Fried oysters and spicy dressing make this recipe a wonderful entrée salad.
Fried Oyster Salad with Spicy Rémoulade Dressing
Makes 4 Servings
Ingredients
- Vegetable oil, for frying
- ½ cup all-purpose flour
- ½ cup yellow cornmeal
- 1 teaspoon kosher salt
- 1 teaspoon garlic powder
- 1 teaspoon onion powder
- ¼ teaspoon cayenne pepper
- 24 fresh oysters, shucked and drained
- 6 cups fresh spring mix lettuces
- 1 cup halved grape tomatoes
- ¼ cup thinly sliced red onion
- Spicy Rémoulade Dressing (recipe follows)
Spicy Rémoulade Dressing
- ¾ cup mayonnaise
- 1 tablespoon Creole mustard
- 1½ teaspoons paprika
- 1 teaspoon prepared horseradish
- 1 teaspoon fresh lemon juice
- 1 teaspoon dill pickle juice
- 1 teaspoon hot sauce
- ½ teaspoon Creole seasoning*
- 1 clove garlic, minced
Instructions
- In a heavy-bottomed skillet, pour oil to a depth of 2 inches, and heat over medium heat until a deep-fry thermometer registers 350°.
- In a medium bowl, stir together flour, cornmeal, salt, garlic powder, onion powder, and cayenne until combined. Dredge oysters in flour mixture, shaking off excess.
- Fry until golden brown, about 3 minutes. Remove oysters using a slotted spoon, and let drain on paper towels.

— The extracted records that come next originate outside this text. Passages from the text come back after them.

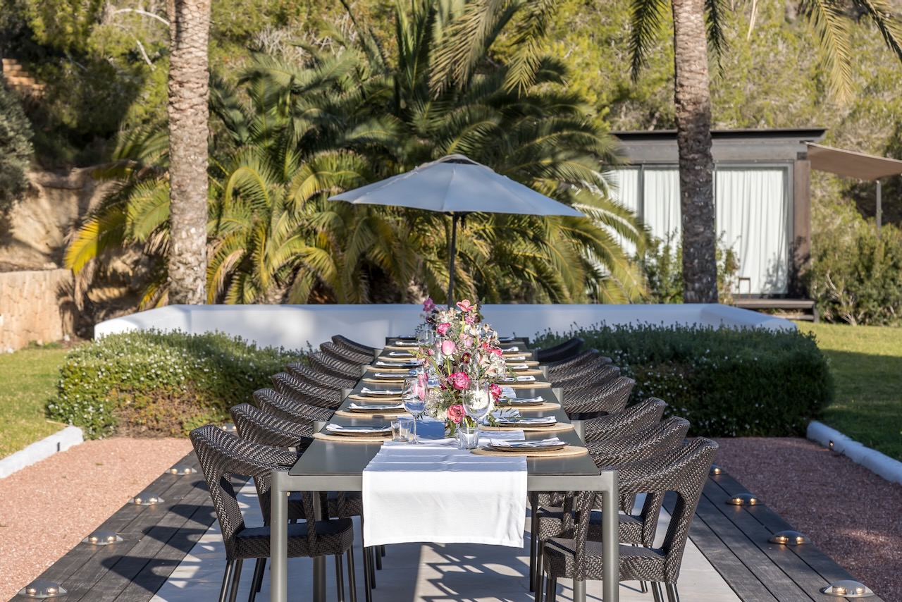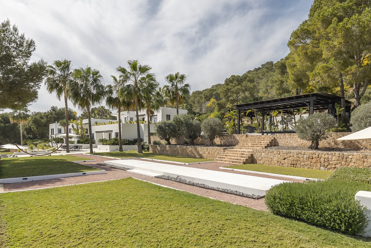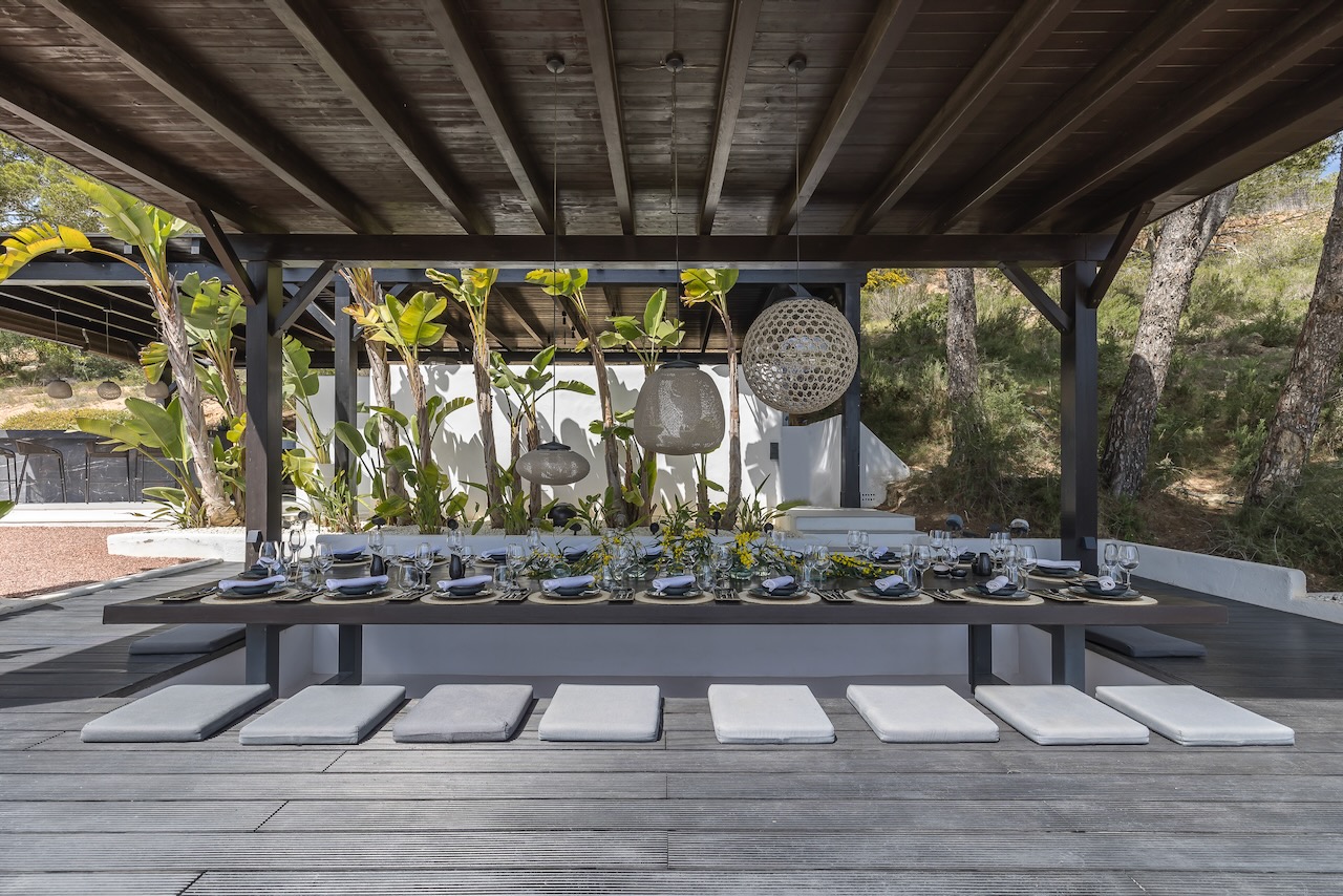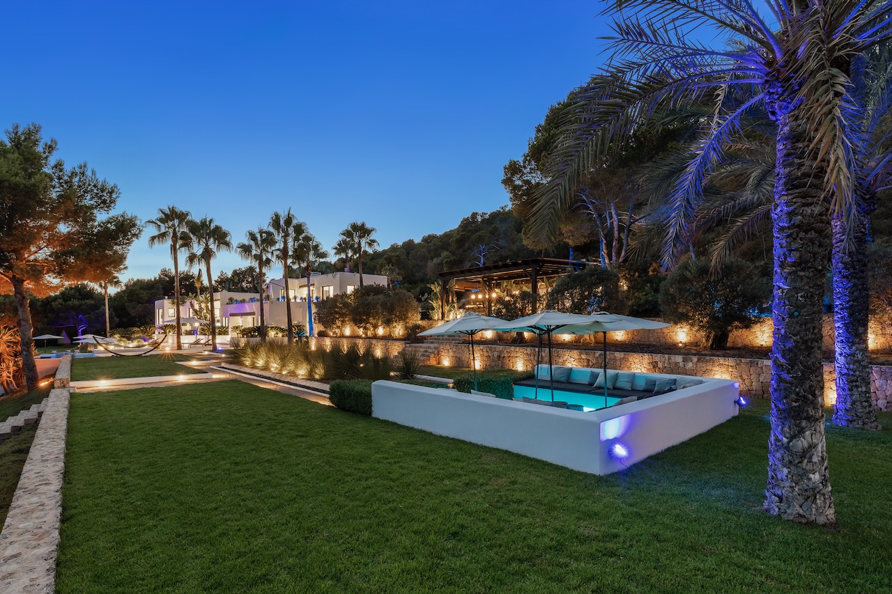 Relax after sunset or entertain outdoors the sound system, the multi-colored lights and an outdoor kitchen with a charcoal barbecue make it the best place where to end a beautiful day in Ibiza.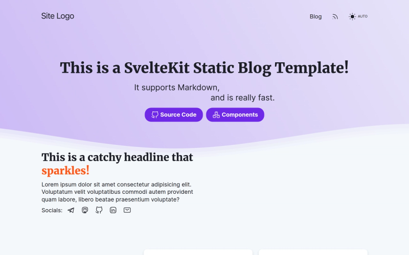 The SvelteKit Static Blog Template is designed for developers and content creators who want a fast, responsive, and visually appealing blog or portfolio site. Key features include: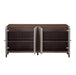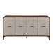 AICO Furniture Houston Sideboard in Walnut 9095007SA-416. The Houston Sideboard blends contemporary elegance with versatile storage. Framed in a rich walnut finish, its contrasting gray door fronts showcase a delicate starburst pattern with a subtly textured surface. A refined gold trim outlines the piece, enhancing its sophisticated silhouette. The sleek, tapered handles combine wood and metal for a modern, tailored touch. With ample storage and thoughtful details, this sideboard brings both function and style to any dining or living space.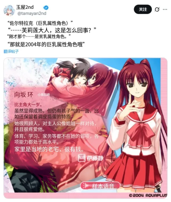 前段时间,一位日本画师发帖调侃如今人们对“大”的认知。帖子提到的向坂环(环姐),出自2004年游戏《ToHeart2》,三围89/58/82,至少是个D。在那个年代,环姐是性感丰满的“大杯”。但20多年后的今天,有人笑出声:“哈哈,就这?小杯罢了。”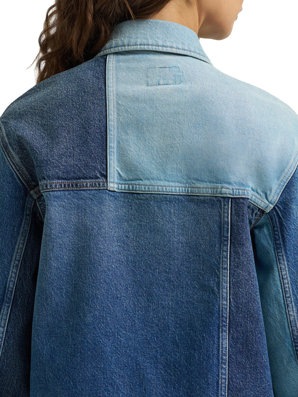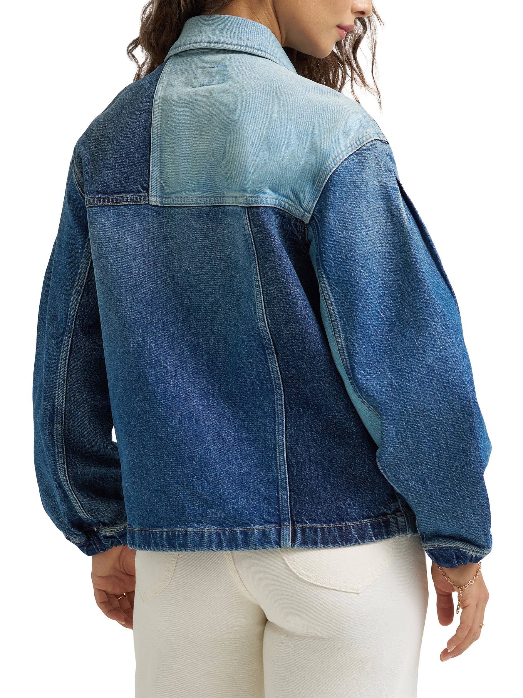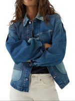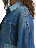 Let your denim jacket be a work of art. This unique chore jacket is pieced together from multiple patches of denim for that upcycled vibe with a professional touch. Complete with a waist-length hem and a swing-style back for an extra femme touch, it’s the one jacket that always fits just right.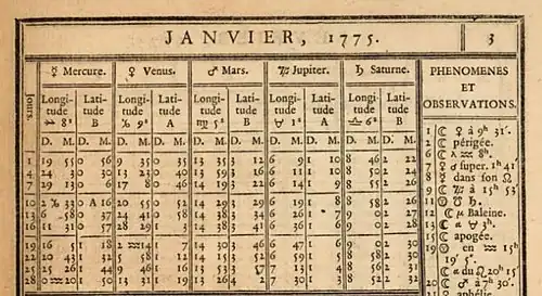 Page of the Ephemerides for the year 1775, in which Lepaute calculated the position of Saturn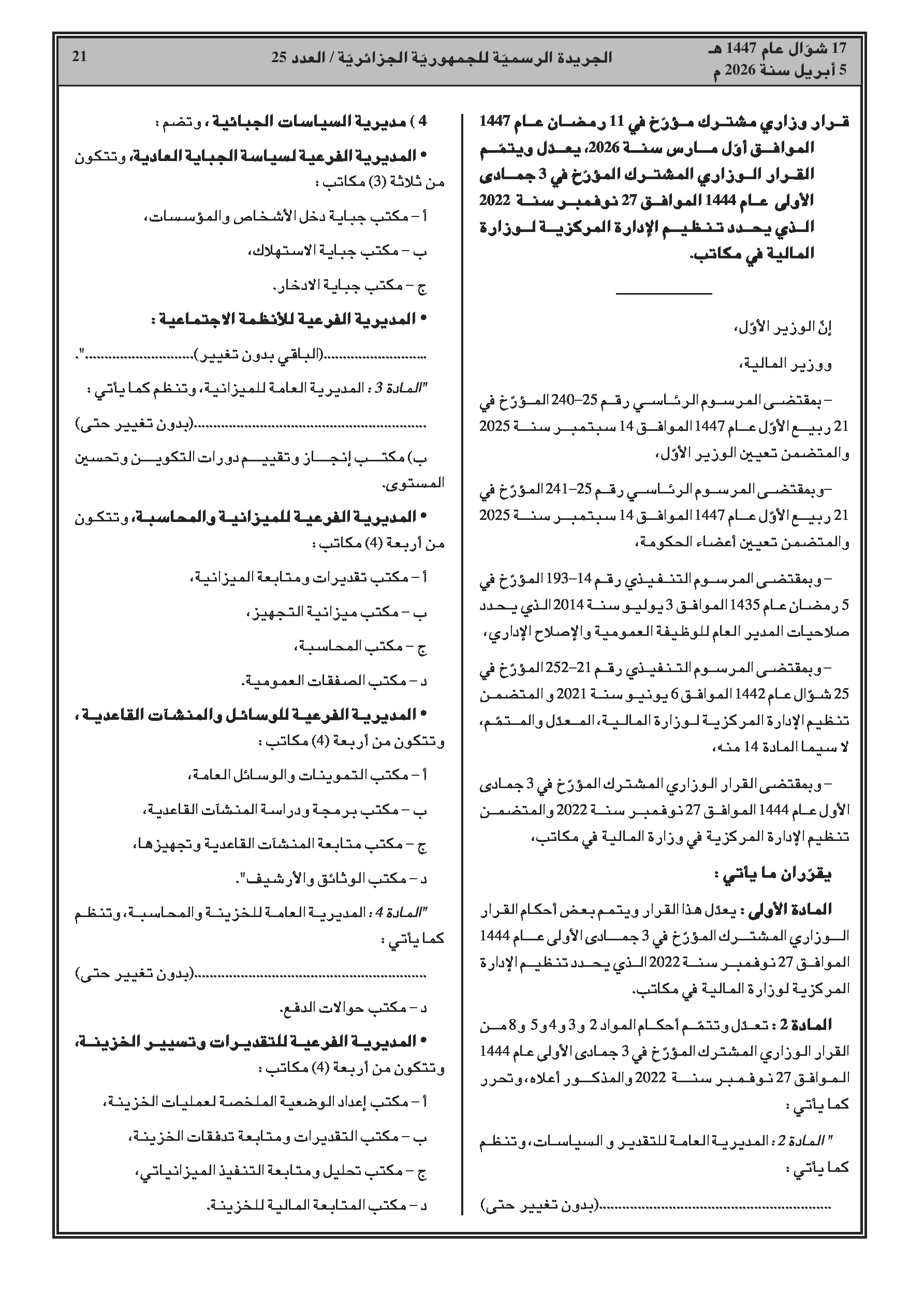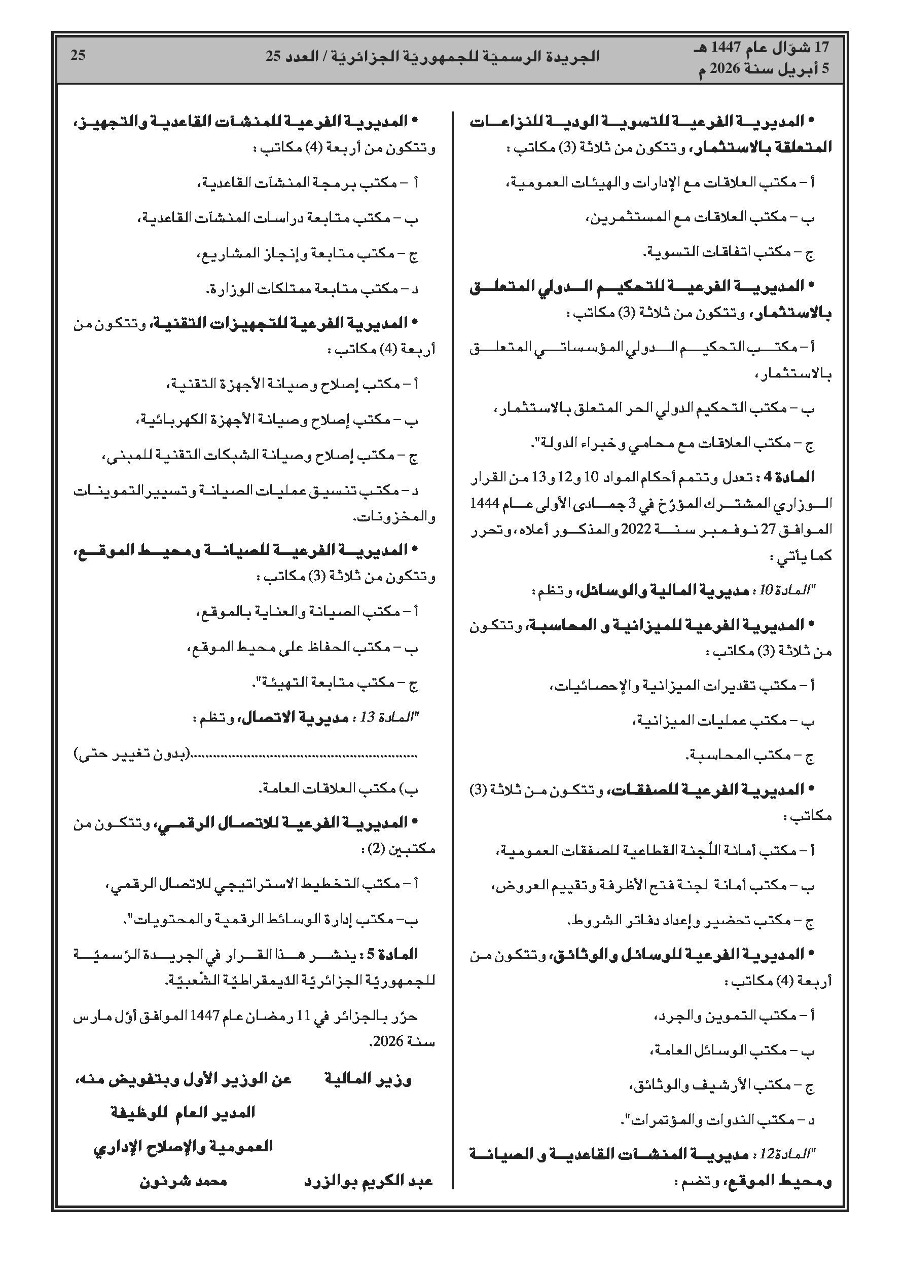 العدد 25 الأمانة العامة للحكومة الجزائرية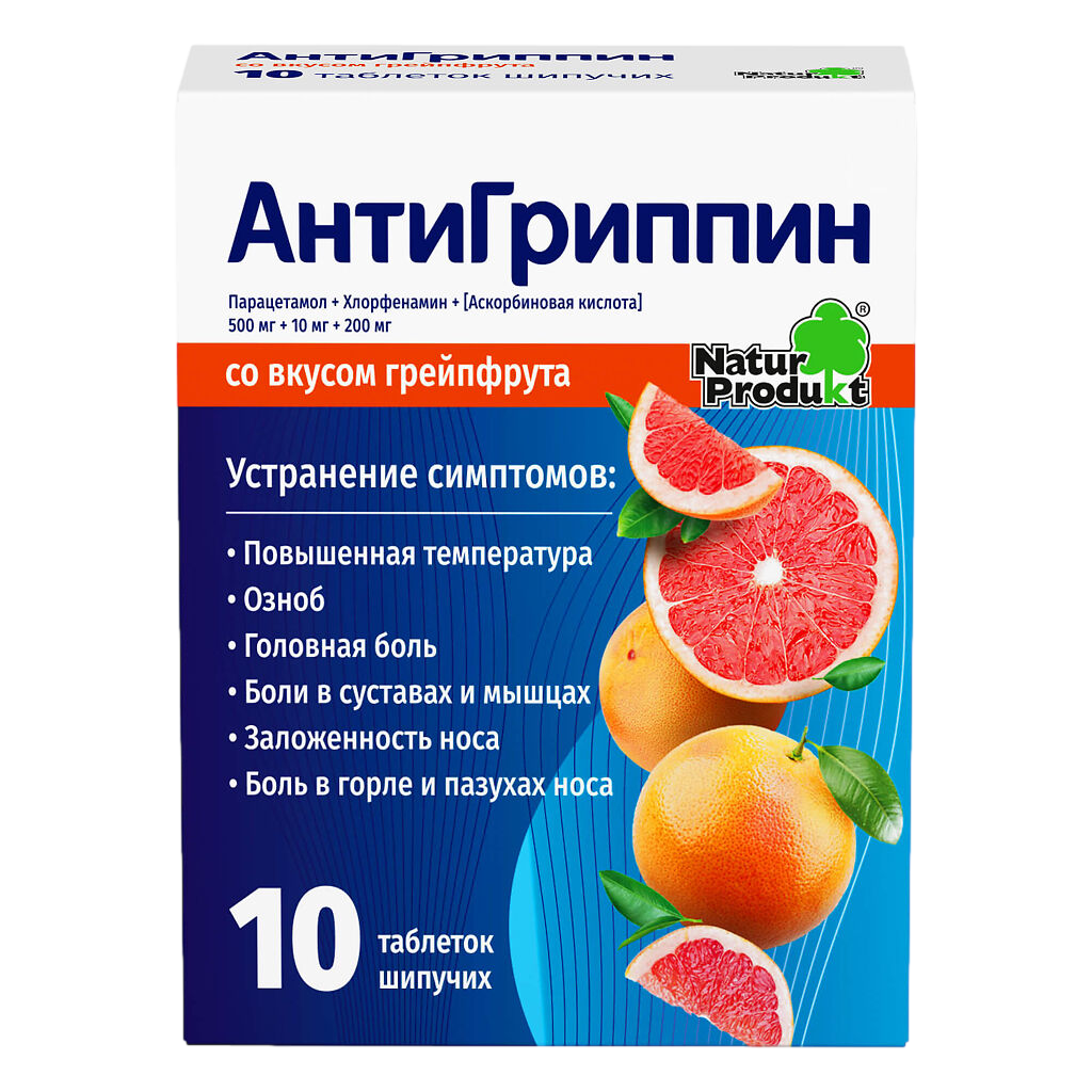 Антигриппин таблетки шипучие со вкусом грейпфрута №10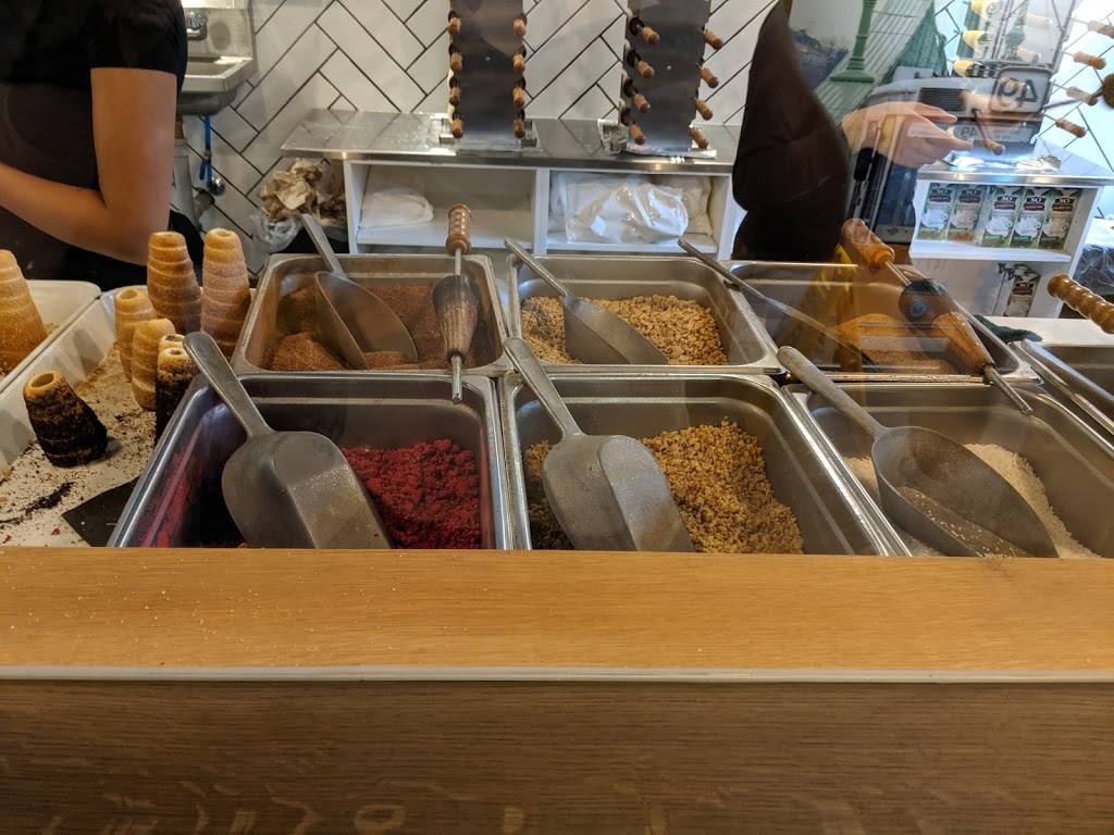 I went to Eva's Original Chimneys for the first time with my wife and kids. They have a decent layout though more chairs inside would be appreciated as we had no room to sit. The staff was friendly and they explained the process to us. The service was decently quick, considering how packed the place was. The downside is the wooden "spoons". As an adult I can appreciate the uniqueness and novelty of the wooden sticks, but these are completely impractical for a toddler and young child. Luckily for us we had a spoon with us in our backpack. The chimneys were delicious, I had the apple crumble, my wife had the oreo cheesecake and the kids shared an original Oreo (in a cup). All delicious and very original. Worth a try.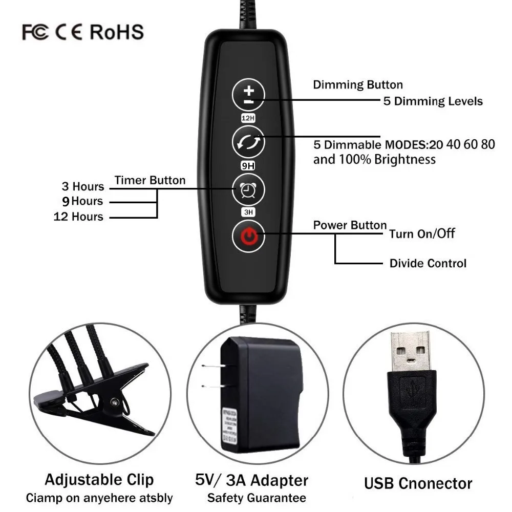 Description Особенности:Функция таймера: растущий светильник CAIYUE оснащен функцией таймера, вам не нужно беспокоиться, забыв выключить светильник, так как он автоматически выключается через 3 часа/9 часов/12 часов работы. Автоматическое включение/выключение: наши светодиодные лампы для выращивания растений улучшают функцию синхронизации, после установки таймера он автоматически включается и выключается каждый день. Вам не придется повторять одну и ту же работу каждый день. (Советы: чехол бесперебойного питания) 3 режима освещения: красный/синий/красный и синий, синий свет, чтобы помочь вашим растениям адсорбировать гораздо больше энергии синтеза хлорофилла, чтобы помочь им прорастать. Красный свет способствует улучшению фотосинтеза ваших растений, прорастанию, цветению, улучшению результатов. 5 уровней затемнения: светодиодный светильник с 5 уровнями регулируемой яркости для удовлетворения растущих потребностей различных растений на различных этапах, вы можете регулировать яркость светильник в соответствии с потребностями растений. Широко используется: лампа для выращивания растений CAIYUE подходит для балконов, теплиц, заводов растений, комнатных садов, теплиц, тканевой культуры и т. Д. Подходит для суккулентов, растений в горшках, цветущих растений и других фруктов и овощей.Описание:Модель: CY-Z003 Материал: алюминий + ПК Мощность: 30 Вт Световой поток: 864лм Цвет: Красный: синий = 2:1(36:18) Угол луча: 120 градусов Угол облучения: 360 градусов Спектр: Красный светильник 660нм, синий светильник 460нм Режим переключения: кнопочный переключатель Режим синхронизации: 3H/9H/12H, время памяти цикла, без ручного управления Спектральный режим: Красный светильник, синий светильник, красный синий светильник, три вида бесспектрального переключения Режим затемнения: 20%, 40%, 60%, 80%, 100% пять уровней свободного затемнения Рабочая температура:-30 ℃ ~ + 75 ℃ Уровень защиты: IP44 Срок службы: 50000 чA. Список посылка (USB):1 светильник для выращивания с usb-кабелем 1 x Руководство пользователяB. Посылка (вилка США/ЕС/Австралии/Великобритании):1 светильник xGrow с usb-кабелем 1 х адаптер (ЕС/США/Австралия/Великобритания подходит для вас) 1 x Руководство пользователяПрименение:Различные цветочные растения: тюльпаны, гвоздики, пионы, лилии, розы и т. Д.; Различные овощи: перец, баклажаны, помидоры, капуста, салат и т. Д.; Все виды суккулентов: белый медведь, озеро Sun Moon, Helena, оригинальные зеленые когти, снежные кролики и т. д.; Также подходит для внутреннего сада или комнатного ландшафта в горшке.

- Divide greens, tomatoes, and red onion among 4 plates. Top with fried oysters. Drizzle with Spicy Rémoulade Dressing.
Spicy Rémoulade Dressing
- In a medium bowl, stir together all ingredients until well combined.
Notes
*We used Tony Chachere’s Original Creole Seasoning.